I've just today come across a discussion on the CEMB forum, It's 13pp long and after the reading the first page I'm reeling. (No jinn needed!)
It covers the development of the Koran from its Jewish and Christian origins, its multiple authors, its position in the forming of the Arab Empire and its languages.
Much of the stuff is new to me mentioning authors since Luxenberg, Puin and Crone et al. There are probably enough leads for a month of study although much of it is over my head.

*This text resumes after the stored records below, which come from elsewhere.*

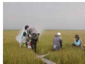
(Below) Scientists from the USGS and Fire Island National Seashore collect Sediment Elevation Table (SET) data as part of the Northeast Coastal and Barrier I&M Network's salt marsh monitoring program.

Three key aspects of the I&M strategy are the leveraging of resources and expertise through integration and collaboration with other NPS programs and agencies; an interdisciplinary approach to compiling, analyzing, and reporting natural resource information; and an explicit link to park management and planning.
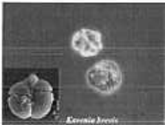
Mote Marine Laboratory

A red tide is a naturally occurring algal bloom that occurs around the world. Karenia brevis is the red tide species indigenous to the Florida coast. Blooms begin offshore in deep waters but the process is not well understood. The bloom moves upward in the water column, then after reaching the surface, moves toward shore in a direction and speed dictated by prevailing winds and currents.
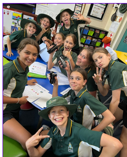
The excitement is building for our Year 6 students as they near the end of their primary years. Pictured here helping with Graduation Party invite preparation.
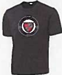
ITEM #ST350 PERFORMANCE T-SHIRT RED OR BLACK YOUTH S-XL: $14 ADULT S-XL: $14 XXL: $16 XXXL: $18
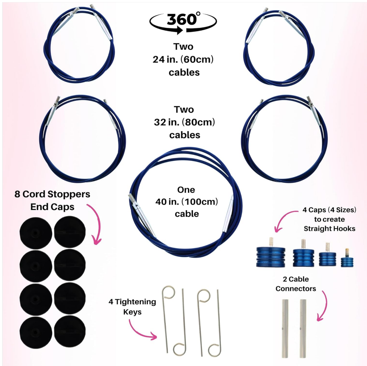
Image: An arrangement of the interchangeable components, including two 24-inch cables, two 32-inch cables, one 40-inch cable, 8 cord stoppers, 2 cable connectors, and 4 tightening keys. Also shown are 4 caps (4 sizes) to create straight hooks.
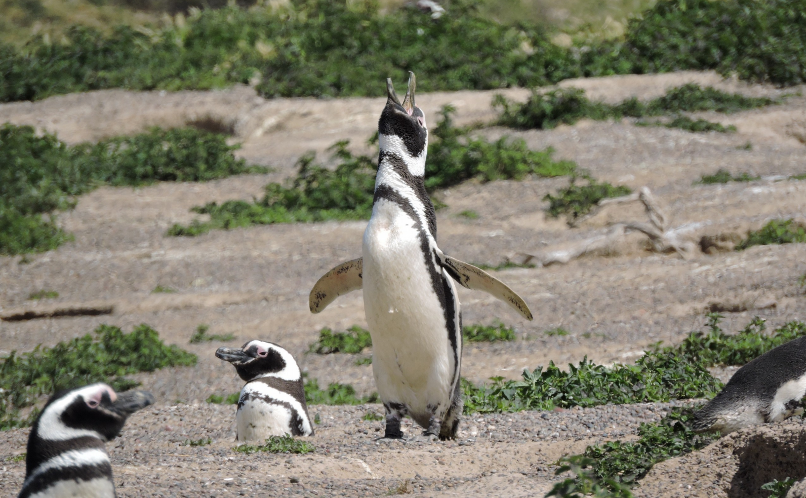
Magellanic Penguin
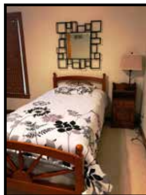
1950's wagon wheel, single bed, complete
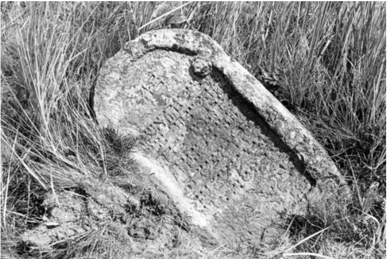
Igel family - Solotvyn
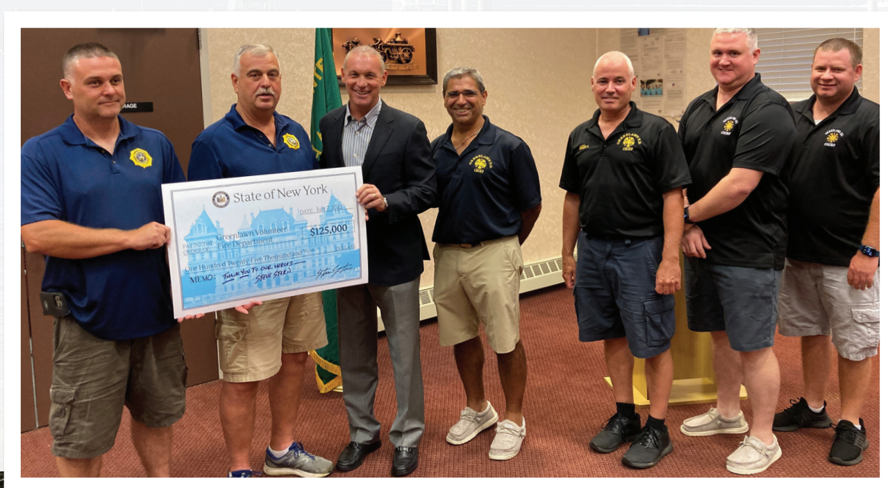
Presented vital funding to our volunteer firefighters - the heroes of our community.
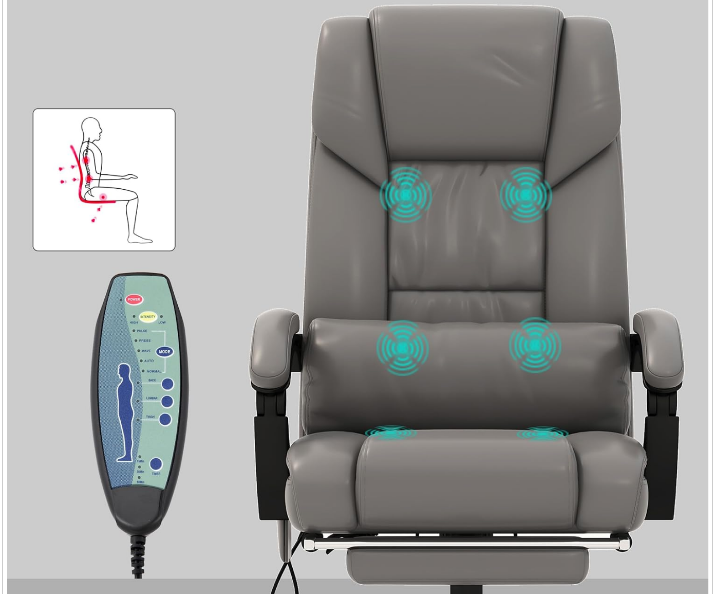
Image: Diagram showing the 6 vibration points in the chair and the remote control for massage and heat functions.
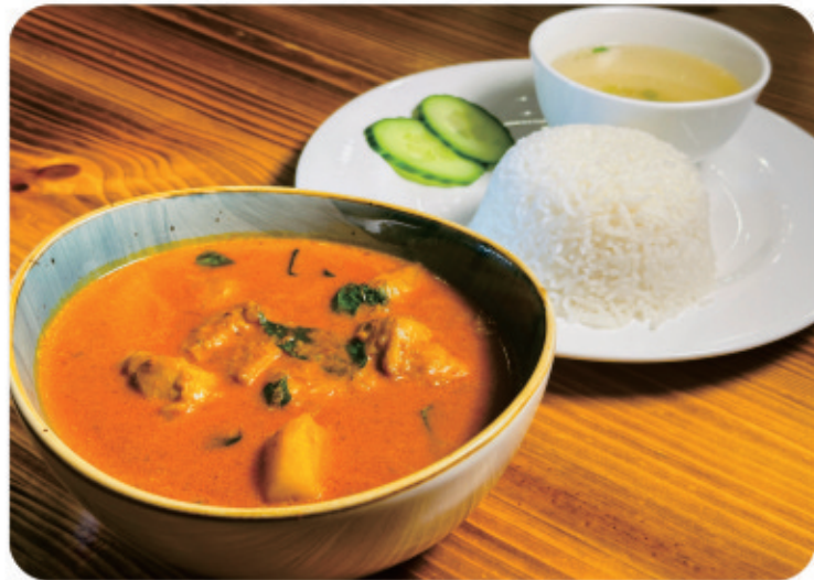
L03 | $21.00 Chicken Curry with Rice/Roti 咖喱鸡饭/薄饼

It's perhaps best summarised by poster "shaytanshoes" towards the end of the first page
Not surprisingly, another poster answers that last question with a YES.In a nutshell, the Qur'anic base was actually commentary in a North Arabic dialect mixed with Syriac liturgy aimed at introducing Judaic/Christian teachings to Levantine Arabs circa 600 AD, maybe preached by an apocalyptic prophet named Muhammad who died before the conquest of Palestine.
The Umayyads then consolidated control over competing tribes by codifying the religion, the Qur'an and Islamic teachings by taking these disparate texts and Zubayr's Mecca-focused ideology as their own, although that process wasn't complete until the mid 700's. Unfortunately they didn't have the historical, cultural or linguistic context to make sense of the original rasm text. The text may have remained fairly static but the society around it had changed radically.
Is that the correct idiot's guide version of it? Smiley
There are so many new critical studies looking at the Qur'an from linguistic, historical and cultural points of view that I think we're in a kind of golden age for skepticism. I find it weird that most Western non-Muslim scholars are still afraid of digging in with sharp knives into the carcass of the Qur'an... Are they scared of being physically harmed by fanatics or having their funding cut by Islamophobia-phobic administrators?
I'm left wondering whether i still have the capacity to sit down and make notes as if I were still at university - I certainly can't take in so much new stuff at one sitting. Unfortunately, it reads as though the books derived from the new scholarship are few and far between and very expensive. One wag suggests that that's to keep them out of the hand of fanatics. (lthough IS would probably burn the fanatics along with the books if they caught them with them!)